Uzm. Psikolog Aziz Görkem Çetin, “Obsesif Kompulsif Bozukluğa
sahip kişiler ile ilk etapta çoğumuz aynı şeyleri düşünürüz. Buradaki tek ayrım
OKB olmayan birey, gerçek bilgiye uğraştıktan sonra bireyin kaygısı ve
şüphesinin geçmesidir. Ama Obsesif Kompulsif Bozukluğa sahip olan bireylerin
bazı endişe verici düşüncelerinin bilgiye ulaştıkları halde geçmediğini ve
rahatlamadıklarını gözlemliyoruz” diyerek, sözlerini şöyle sürdürdü:
“Obsesif tarzdaki düşüncelerin farkı; dürtüsel olarak istenmeden
gelen, yineleyici şekilde geri gelen ve kişiyi sıkıntıya sokan düşüncelerdir.

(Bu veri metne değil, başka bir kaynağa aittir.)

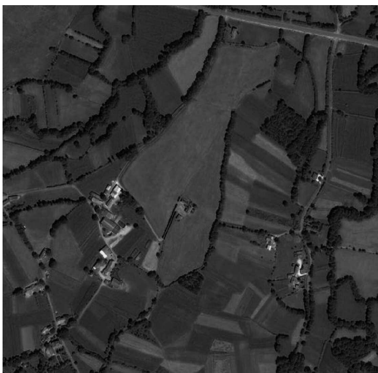
Figura 4. Vista aérea de una agra en la parroquia de Goá, municipio de Cospeito (Lugo)

La supervivencia de su forma tradicional de uso (hasta finales de los noventa) y la conservación de la mayor parte de su morfología la convierten en uno de los últimos vestigios de lo que fue el "paisaje cultural" de la comarca.
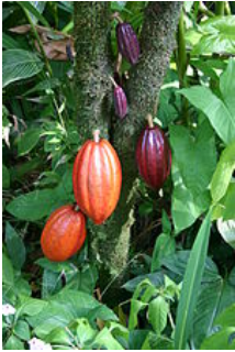
Un cacaoyer avec les gousses de fruits à différents stades de maturation.

Le 26 octobre 1925 6 , Houphouët commence sa carrière en tant que médecin-auxiliaire à l'hôpital d'Abidjan 8 où il fonde une « Amicale » regroupant le personnel médical indigène 4 . L'entreprise tourne court ; l'administration coloniale voit d'un très mauvais œil cette association qu'elle assimile à une formation syndicale 4 et décide de le muter, le 27 avril 1927 6 , au service de Guiglo où les conditions sanitaires sont particulièrement éprouvantes 9 . Toutefois, faisant preuve de véritables aptitudes professionnelles, il est promu à Abengourou, le 17 septembre 1929 6 , à un poste réservé, jusque-là, aux Européens 4 .
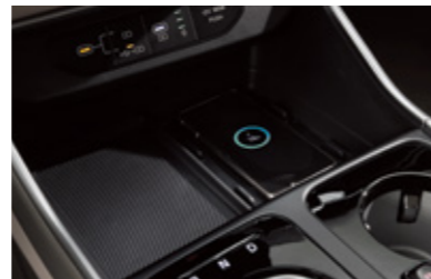
스마트폰 무선 충전시스템
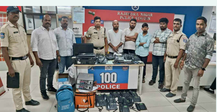
పోలీసుల అభివృద్ధి నిందితుడు

నేరుగా పనిచేయడం ద్వారా అత్యుత్సాహాన్ని పెంపొందించుకున్నారు గుర్తు చేశారు. కొత్త సాంకేతికతలను స్వయంగా ప్రయత్నించారన్నారు. ఈ అనుభవం విద్యార్థులలో ఆసక్తి, ఉత్సాహాన్ని పెంచి నేర్చుకునే ప్రక్రియను సరదాగా, ప్రయోజనకరంగా మార్చిందని తెలిపారు.
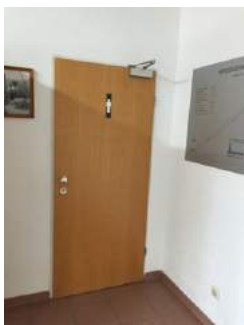
Tür Vorraum Herrentoilette
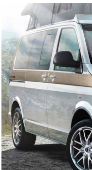
Séigraphie design « Woodline »
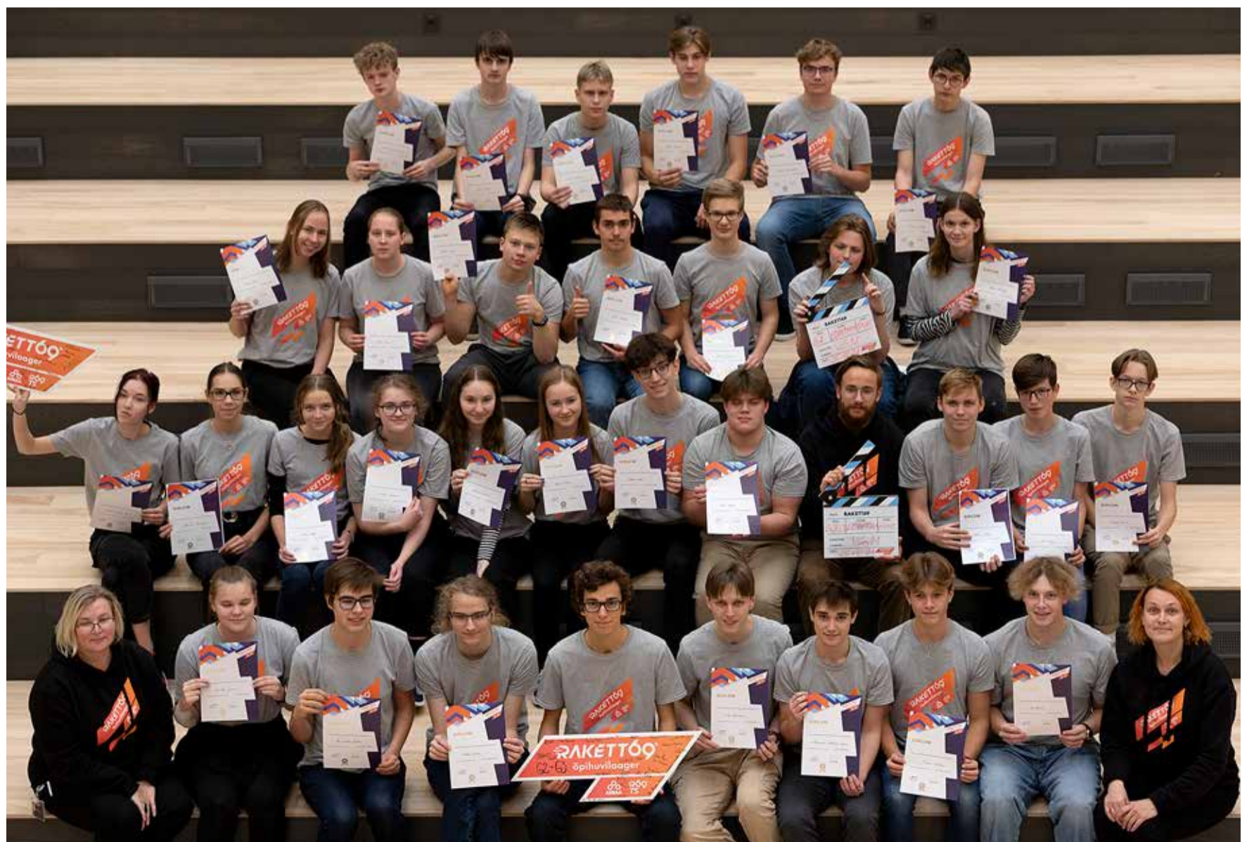
Rakett69 Viimsi laagri lend.
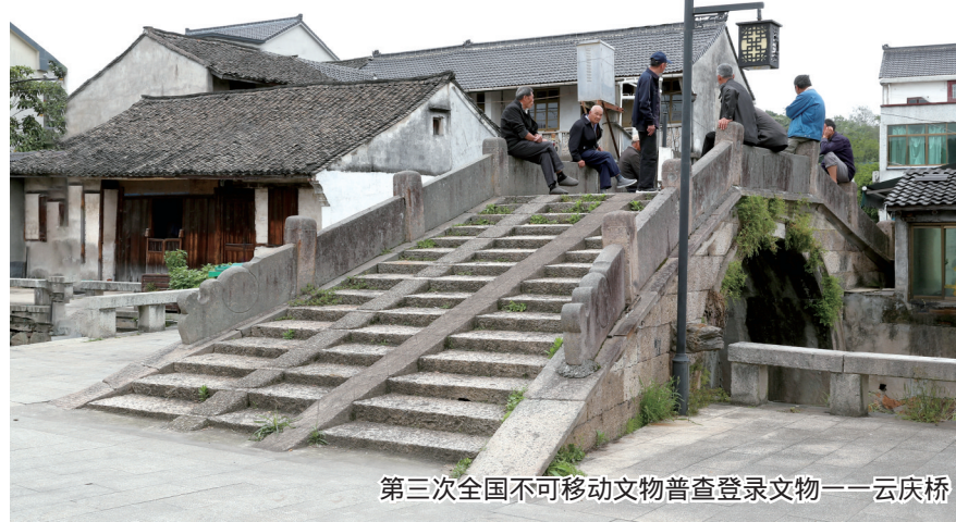
第三次全国不可移动文物普查登录文物——云庆桥

虞甬运河作为浙东古运河的重要一段,全线贯通于两宋时期,新驿亭村地处杭州至宁波古驿道的中心位置,官府公文传递曾在此换马,虞甬运河开通后,又在运河堰坝旁建造房子,设置驿站,驿亭也因此得名。浙东运河全线贯通后的巨大航运功能,迅速壮大了驿亭的交通区位优势,催生出从古至今多种交通态势在这片土地上的多元化呈现。远的不说,1913年萧甬铁路宁波至上虞段率先通车,驿亭站建成营运,使得驿亭成为全省最早有火车经停的村庄之一。近二三十年里,伴随着现代交通方式的不断涌现,杭甬高速公路、新杭甬运河、杭甬高铁等又纷纷从驿亭村境内穿过,它们和古运河一起延续着浙东唐诗之路的岁
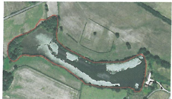
Fig. 2 : photographie aérienne (IGN - 2009) de l'étang Picuze
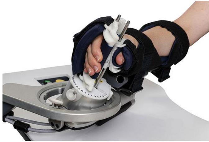
Slika 9. InMotion2 robotski uređaj
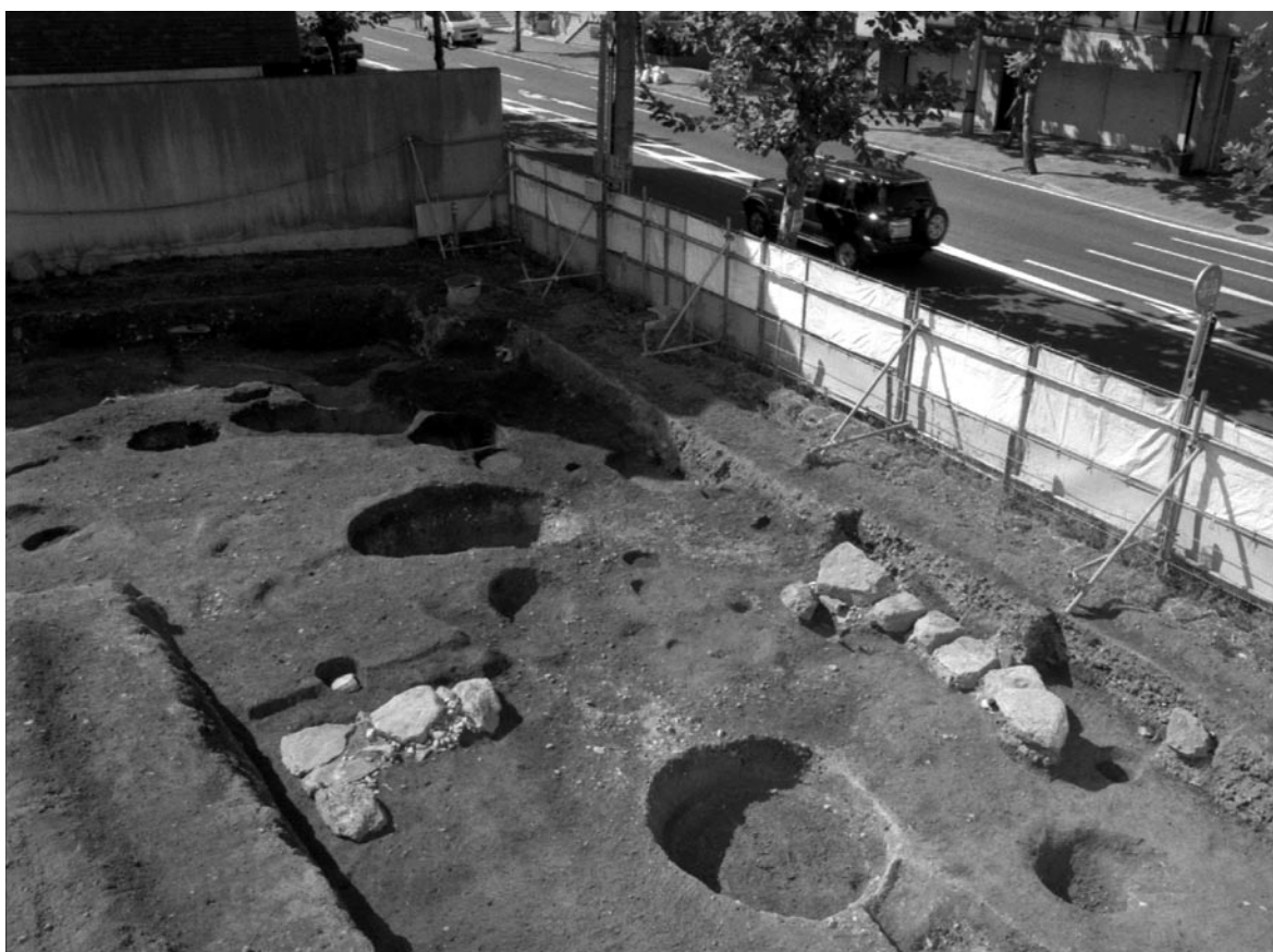
2 調査区西側全景（北東から）
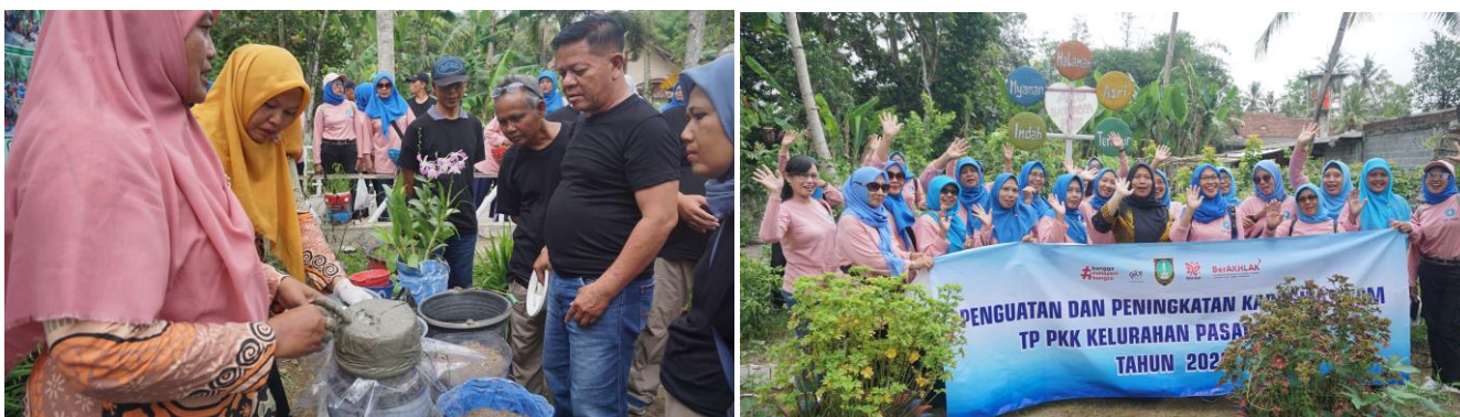
Tabel 3.8 Realisasi Pelaksanaan Program Bidang Pelaksanaan Pembangunan

Peningkatan kapasitas dan pembinaan terhadap warga selaku pengelola agrowisata dilakukan agar lebih siap dalam memberikan service excellent terhadap tamu.
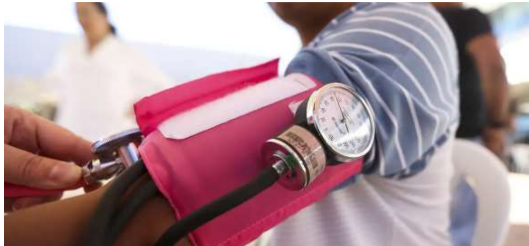
Aquisição tem como objetivo garantir a qualidade dos serviços prestados pela DMHS

Ao todo, estão previstos 261 itens, entre eles abaixadores de língua de madeira, adaptadores de agulha para coleta de sangue a vácuo, água oxigenada, aparelhos de pres-
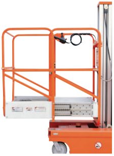
Opsiyonel / Optional: Genişletilmiş platform/ Extended platform
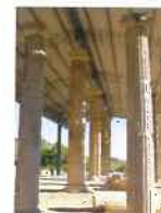
Scavi Archeologici "CUMA"

e-mail: com.monterinaldo@provincia.fm.it pec: comune.monterinaldo@emarche.it
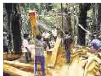
FALTA INDUSTRIA. La madera se exporta sin valor agregado.

dólares es lo que se exportó en madera aserrada durante el 2007. Otros 100 millones correspondieron a triplay, muebles y tablillas frisos para parquet.
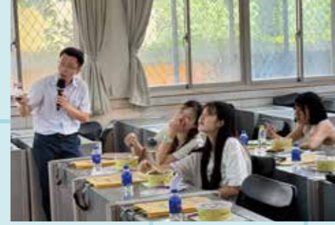
圖 / 財金系學系特色介紹
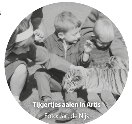
Tijgertjes aaien in Artis

Op vakantie gaan, kamperen met de tent of al wat luxer met vouwwagen of caravan, werd populairder in Nederland. Men reisde per fiets, brommer of afgeladen auto met de piepers in de achterbak. En de tieners van toen, zij proefden in 1969 in minirok of hotpants, met vetkuif of lange haren, van een nieuwe vrijheid dankzij de Tienertoerkaart van de Nederlandse Spoorwegen.
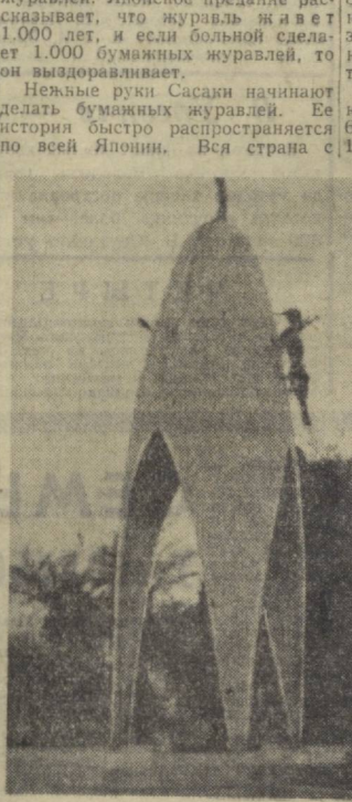
Памятник Тейко Сасаки.
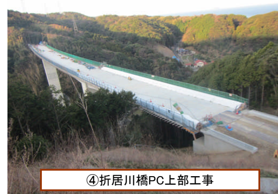
④折居川橋PC上部工事
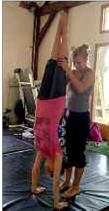
Lors du dernier stage ados

Basée à Alles-sur-Dordogne, la compagnie de cirque Generating Company (GC) propose des cours en direction de différents publics. De septembre à juin, pour les jeunes artistes de cirque, les mercredis de 14 h à 15 h 30 pour les sept-onze ans et de 15 h 45 à 18 h pour les douze-seize ans.
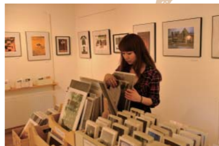
お気に入りのポストカードをお土産に。
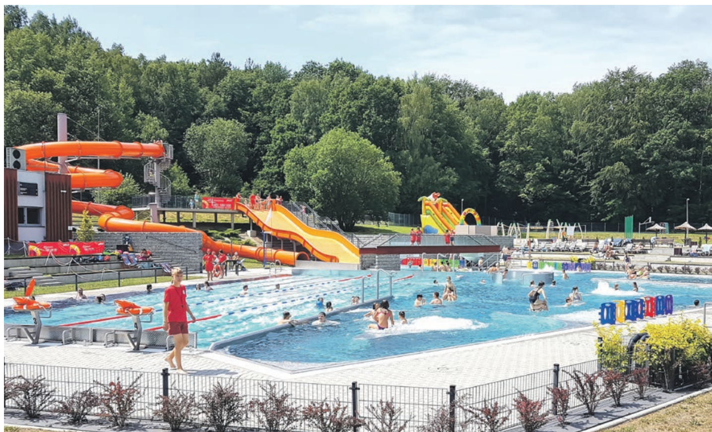
Basen czynny jest codziennie w godzinach od 10 do 20

Poza wieloma znanymi już wodnymi atrakcjami, piaszczystą plażą, placem zabaw dla dzieci oraz barem z przekąskami i napojami, w tym roku pojawiło się boisko wielofunkcyjne o sztucznej nawierzchni. W przerwach między kąpielą i plażowaniem można tam pograć w piłkę nożną lub porzucać do kosza. A jeśli słońce za bardzo przypiecze, każdy znajdzie chwilę wytchnienia w cieniu pod dużą wiatą. ATB
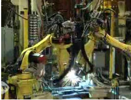
机械工程学院研发的焊接机器人
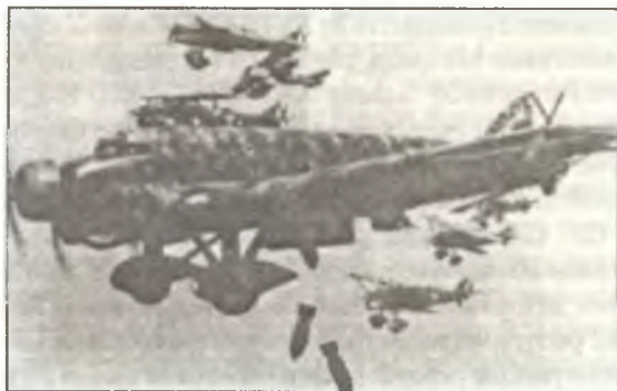
Бомбардировщик SM.81, летающий в сопровождении истребителей CR.32, сбрасывает бомбы на позиции республиканцев
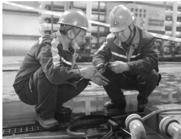
为降低工业新水消耗，节约检修费用，近期，热电厂燃化工区重点整治了水处理超滤系统7号超滤漏点。7号超滤共有88个滤芯，由于密封老化，漏水严重，燃化工区对这一问题展开攻关，此项检修预计持续20天左右，7号超滤漏点完全处理好后，月可节约工业水20余吨。

转眼间过去了3个小时，同事们开始进行各项分析工作，我也该回家了，虽然很累，但及时排除了设备故障，心里还是很高兴。
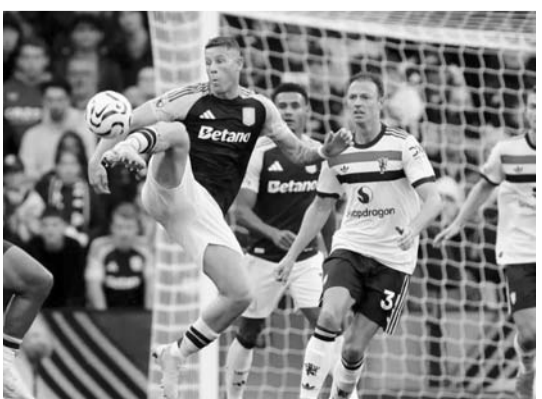
Chelsea es cuarto en el torneo inglés.
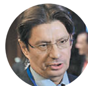
Леонид Федун, владелец «Спартак»
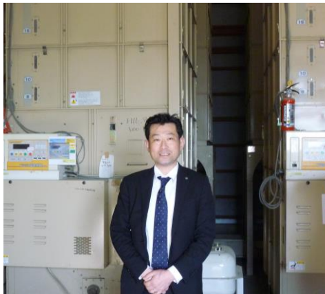
「安全安心でおいしい米をご提供します」

農業の生産人口が減少していく中で、農地所有適格法人としての位置づけを明確にし、地に足をつけ、地域になくてはならない存在になっていけるように、活動していきたいと考えています。
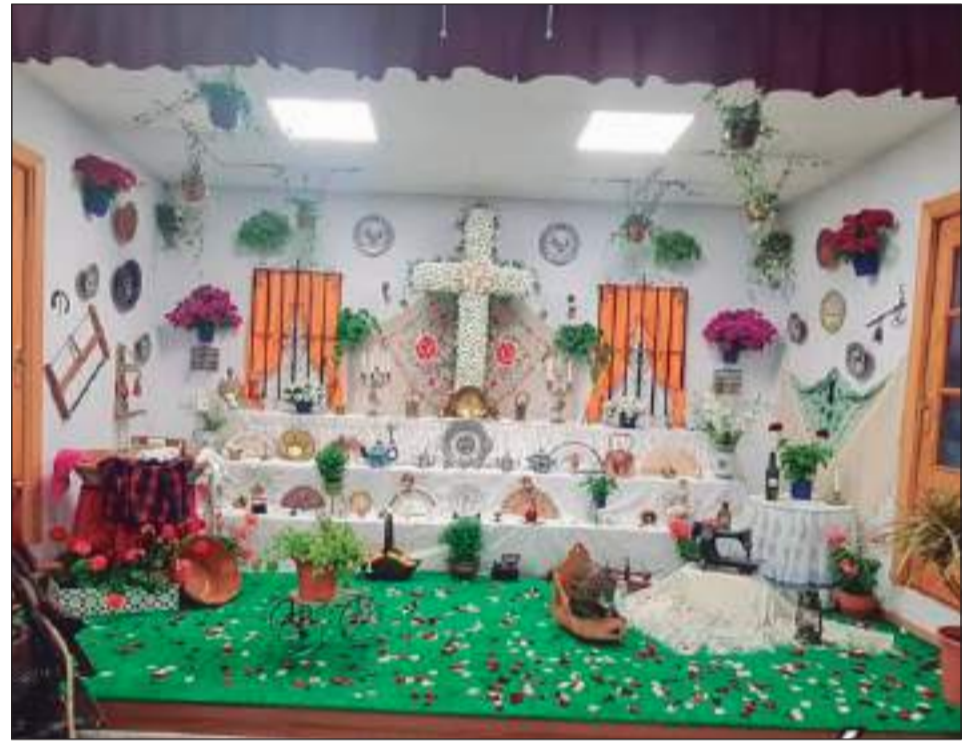
Peña Tiro Pichón.
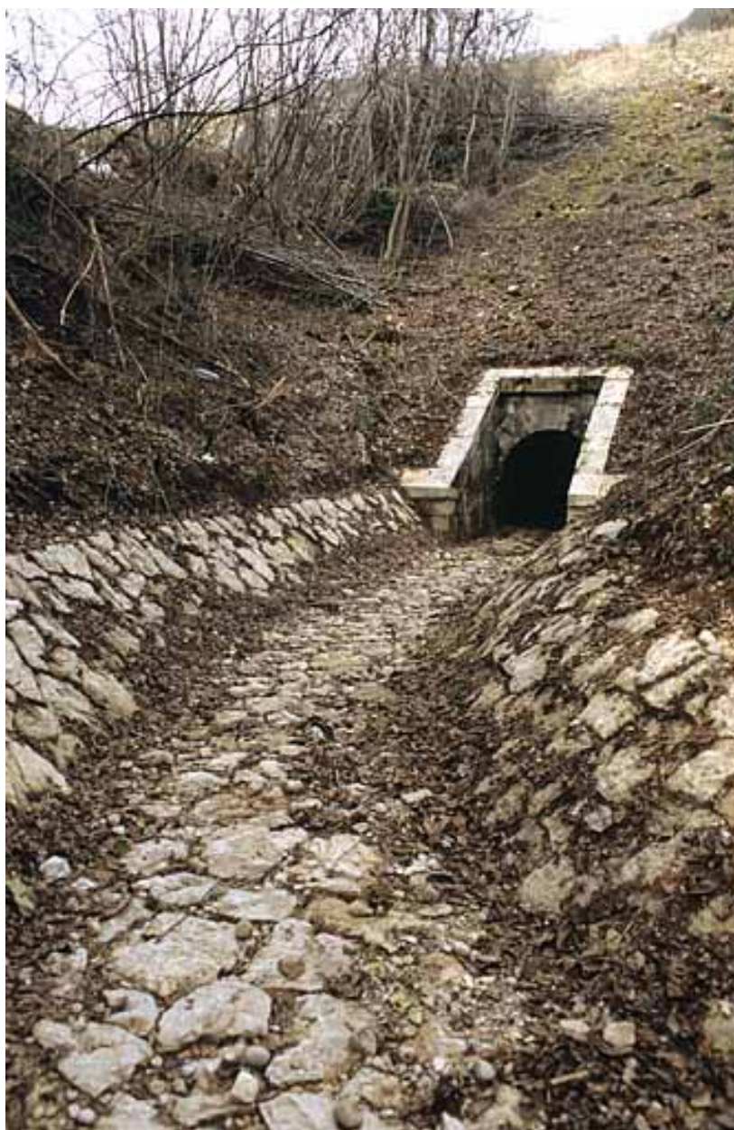
Aqueduc : tête aval (ouest) et rigole (cadrage vertical).
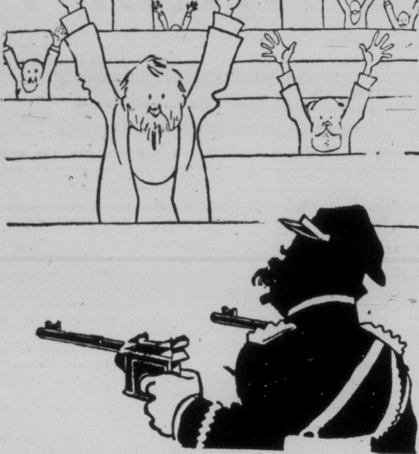
Хто за урядом Пілсудського — руки вверх!

ТАК ПОЛЬСЬКИЙ СОІМ ГОЛОСУЄ ЗА ВИСЛОВИМ ДОВІР'Я УРЯДОВІ ПІЛСУДСЬКОГО.
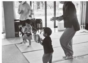
ももちゃんクラブ (ミュージックセラピー)
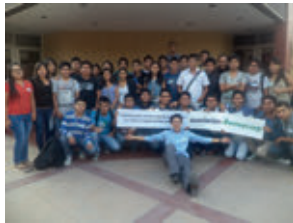
▲ TECSUP Lima
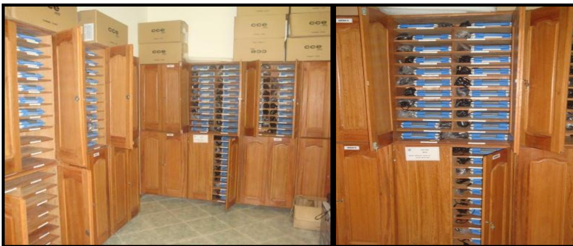
Figura 16 – Sala com os armários de armazenamento dos laptops na escola Santa Luzia.

Com exceção da escola Raimundo Pereira, que não tem uma sala específica para guardar os laptops, as demais escolas possuem sala e armários próprios para armazená-los, conforme ilustram as figuras 16, 17, 18 e 19. Ainda, na escola Jerônimo Milhomem, foi informada a falta de mais armários para guardar os equipamentos, sendo que estes são dispostos numa mesa improvisada, conforme figura 18.

Hatta bu nedenle birey bu durumdan kurtulmak için yani zihninden atmak için
anlamsız diye düşünülen davranışları gösterebilirler. Ben danışanlarım ile
görüşmelerde şu sloganı kullanıyoruz. ‘Takıntılı düşüncelerimizi davranışa
dökmediğimiz takdirde sorumlu değiliz.’
Psikoterapi, OKB tedavisinde büyük rol oynuyor
OKB rahatsızlığının tedavisi farmakolojik ve psikolojik olarak
yapılmakta ve eş zamanlı gidilmesi gerekmektedir. Birey bu tedavi süreci için
psikiyatrist ve psikologdan destek almalıdır. Bu süreçte psikoterapi önemli rol
oynamaktadır. Psikoterapi sürecinde sıklıkla iki ekolün kullanıldığını söylemek
mümkündür. Bilişsel davranışçı terapi ile psikodinamik terapiler bu süreçte katkı
sağlayacaktır. Ama öncelikle teknik ve tedavilerden önce bireyin süreçteki
dalgalanmaları anlaması ve başaramayacağına yönelik düşünceler olabileceğini,
tedavi sürecine kararlı şekilde devam etmesi gerektiğini unutmamalıdır.”